Когда ночью спадает с меня одеяло, я начинаю видеть во сне громадные склизкие камни, холодную осеннюю воду, голые берега – все это неясно, в тумане, без клочка голубого неба; в унынии и в тоске, точно заблудившийся или покинутый, я гляжу на камни и чувствую почему-то неизбежность перехода через глубокую реку; вижу я в это время маленькие буксирные пароходики, которые тащат громадные барки, плавающие бревна, плоты и проч. Всё до бесконечности сурово, уныло и сыро (П 2: 30).
В свете этого письма по-другому начинают восприниматься некоторые поэтические детали из сибирского пейзажа, например такая: «А дикие утки точно смеются и огромными стаями носятся над головой». Письмо Григоровичу обращает внимание на «характерный симптом карелинского кошмара» – «смех в окнах вагона»: «Когда во сне ощущаешь давление злой воли, неминуемую погибель от этой воли, то всегда приходится видеть что-нибудь вроде подобного смеха» (Там же). Таким образом, характерный чеховский антропоморфизм (утки, которые «точно смеются») приобретает угрожающие коннотации и подспудно вводит тему «неминуемой гибели»[94]
.Увязывается эта тема и с мотивом холода. То, что в сибирских письмах Чехова холод как фактор климата упоминается неоднократно, – конечно, не удивительно[95]
. Но чувствуется в них и присутствие другого, «кошмарного» холода, описанного в письме Григоровичу, того, что «немыслим наяву и ощущается только спящими», а кроме того, устойчиво ассоциируется со смертью (Чехов неспроста ссылается на место в «Сне Карелина», где говорится о «холоде и одиночестве могилы»). Опять-таки, обращаясь к эпистолярию Чехова в целом, можно сказать, что традиционная связь между холодом / сыростью и смертью получила у него индивидуальную разработку. Достаточно перечитать посвященное смерти брата, Николая, письмо Плещееву от 26 июня 1889 года:В наказание за то, что я уехал, всю дорогу дул такой холодный ветер и небо было такое хмурое, что хоть тундрам впору. На половине дороги полил дождь. Приехали к Смагиным ночью, мокрые, холодные, легли спать в холодные постели, уснули под шум холодного дождя. Утром была все та же возмутительная вологодская погода; во всю жизнь не забыть мне ни грязной дороги, ни серого неба, ни слез на деревьях; говорю – не забыть, потому что утром приехал из Миргорода мужичонко и привез мокрую телеграмму: «Коля скончался» (П 3: 227).

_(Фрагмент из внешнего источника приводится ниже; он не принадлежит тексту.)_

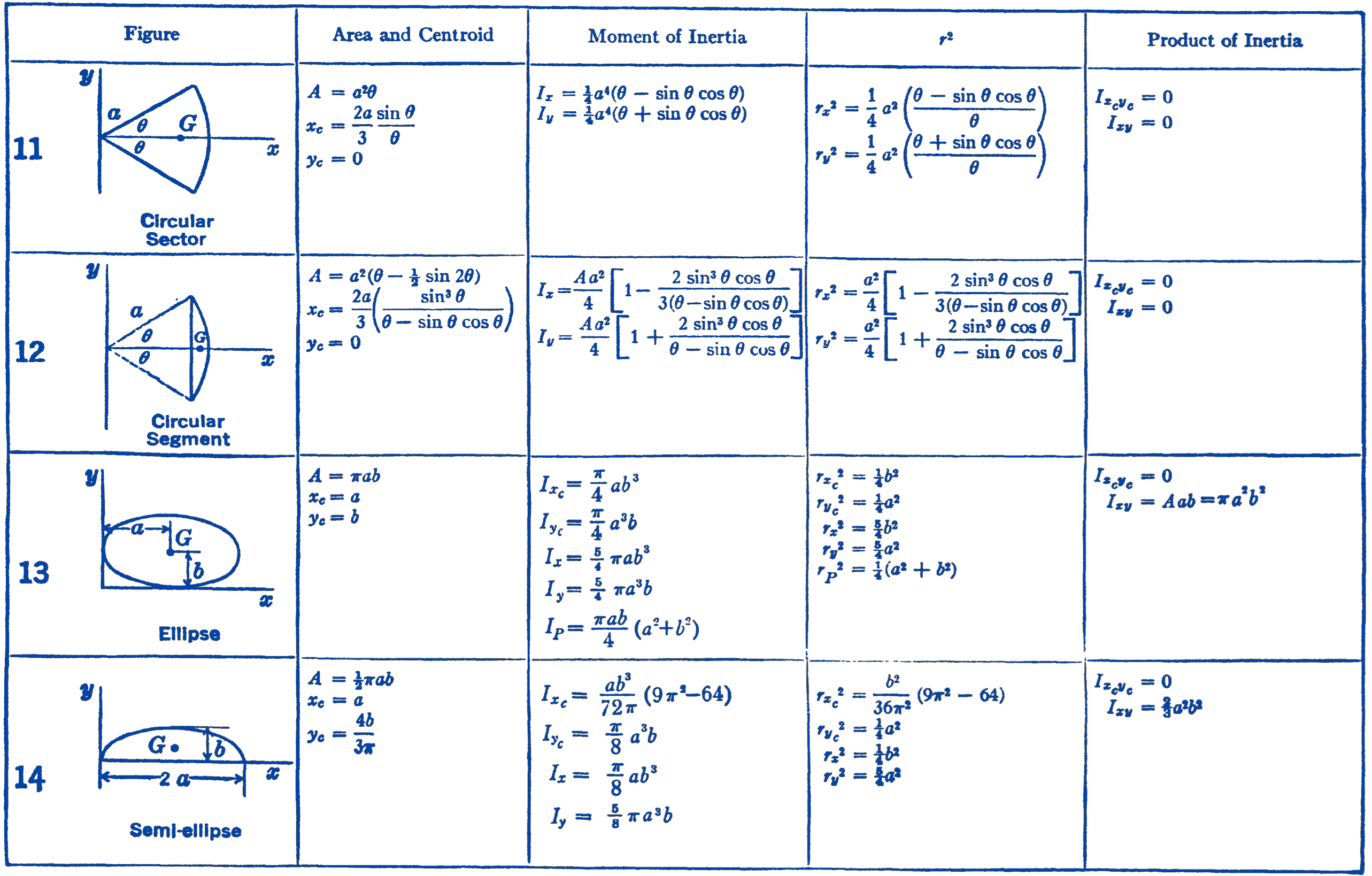 - \(I_{x_c}, I_{\nu_c}=\) Moment of inertia about an axis through the centroid parallel to the \(x y\) axes.

«Легли спать в холодные постели» в этом контексте звучит так, как будто Чехов и его спутники сами приобщаются к смерти. Смерть вырастает из состояния холода и становится неизбежным следствием этого состояния. Кажется, что будь погода иной, Николай бы не умер. Обратим также внимание на связку («мокрые» путники – слезы на деревьях – «мокрая» телеграмма), которая стирает границу между человеческим и природным, внутренним и внешним.
Символизм холода становится более отчетливым при описании обратной дороги: «В Ромнах ждал я с 7 часов вечера до 2 ч<асов> ночи. От скуки пошел шататься по городу. Помню, сижу в саду; темно, холодище страшный, скука аспидская, а за бурой стеною, около которой я сижу, актеры репетируют какую-то мелодраму» (Там же). Используя формулировку Ю. И. Айхенвальда из статьи, посвященной чеховскому эпистолярию, приведенный фрагмент можно назвать «законченным художественным произведением в нескольких строках» [Айхенвальд 1915: 28]. Подобно любому чеховскому произведению, оно сопротивляется однозначной интерпретации. С одной стороны, очевидный контраст между переживаемой в реальной жизни трагедией и «какой-то мелодрамой», которую в это время репетируют за «бурой» стеной. С другой – описание обстановки («темно, холодище страшный, скука аспидская») придает изображаемому непреходящий, универсальный и вместе с тем зловещий характер (не забудем, что скука – аспидская). На таком фоне человеческая жизнь в целом – не более чем «какая-то мелодрама», разыгрываемая провинциальным театром.